=== WORK TO BE COMPLETED ===
Below this line are records; write out exactly the lines from the one containing "Bernoulli's Principle :- Wind" through the one containing "Family Fresh Farm in action", with the pictures left out.

=== RECORDS FOR THE TASK ===

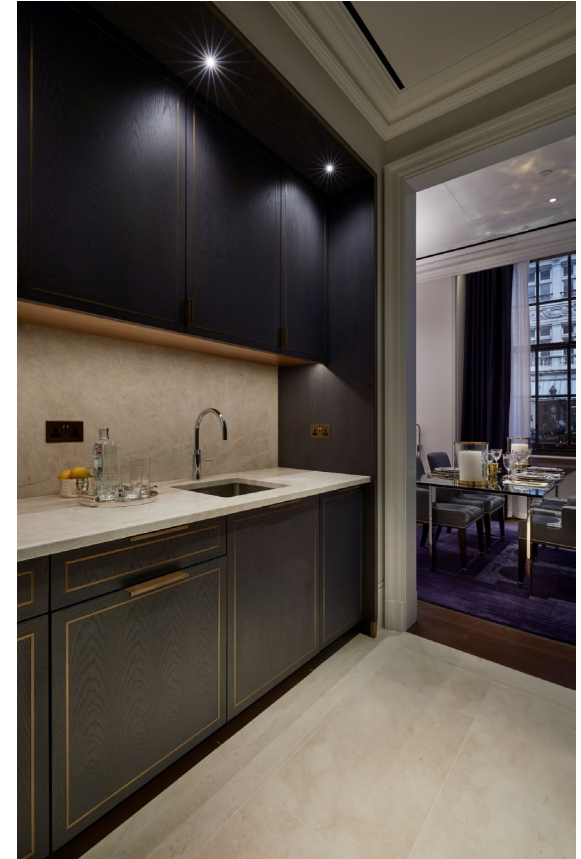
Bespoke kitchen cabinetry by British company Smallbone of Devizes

==

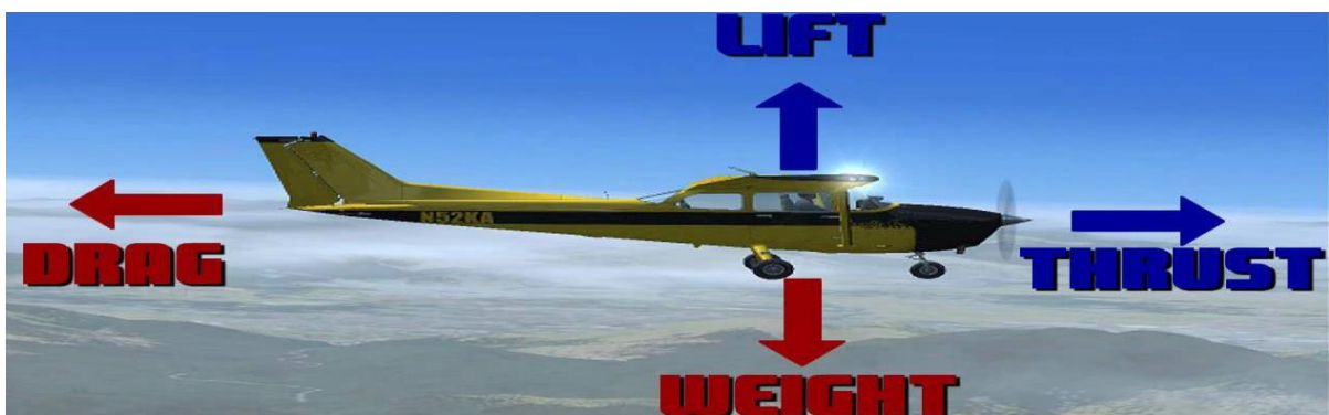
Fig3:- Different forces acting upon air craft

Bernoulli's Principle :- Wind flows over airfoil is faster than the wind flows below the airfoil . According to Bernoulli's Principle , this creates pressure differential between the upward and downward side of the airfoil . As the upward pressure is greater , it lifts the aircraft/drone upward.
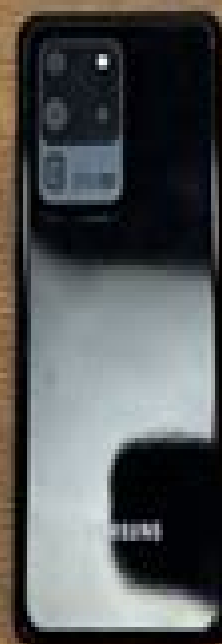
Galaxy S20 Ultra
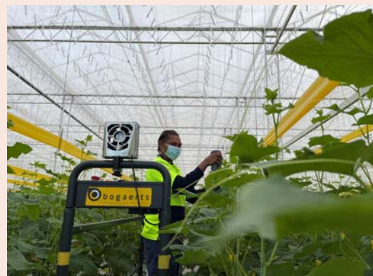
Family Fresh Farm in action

---

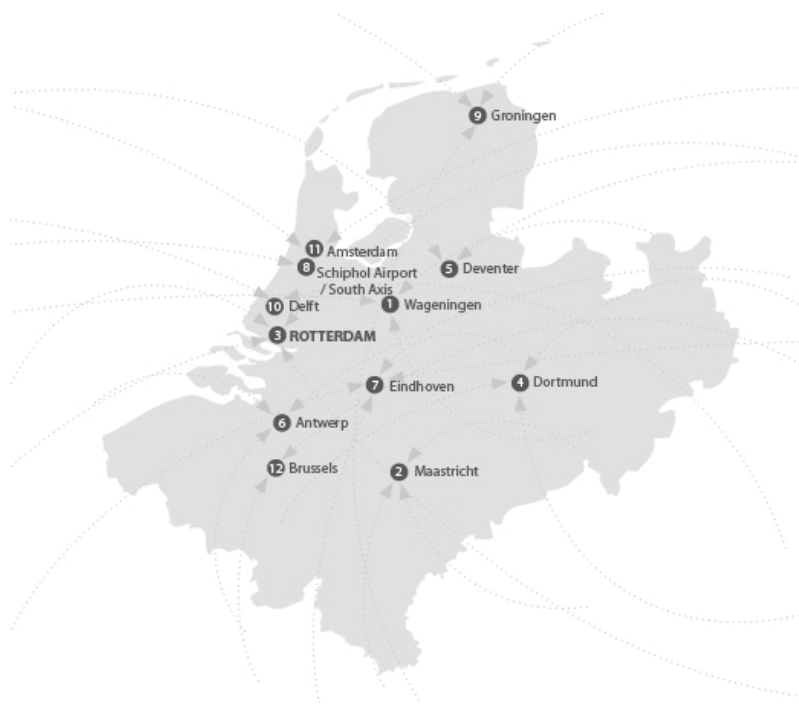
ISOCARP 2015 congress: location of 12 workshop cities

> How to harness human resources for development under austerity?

=== ANSWER TO THIS PROBLEM ===
Bernoulli's Principle :- Wind flows over airfoil is faster than the wind flows below the airfoil . According to Bernoulli's Principle , this creates pressure differential between the upward and downward side of the airfoil . As the upward pressure is greater , it lifts the aircraft/drone upward.
Galaxy S20 Ultra
Family Fresh Farm in action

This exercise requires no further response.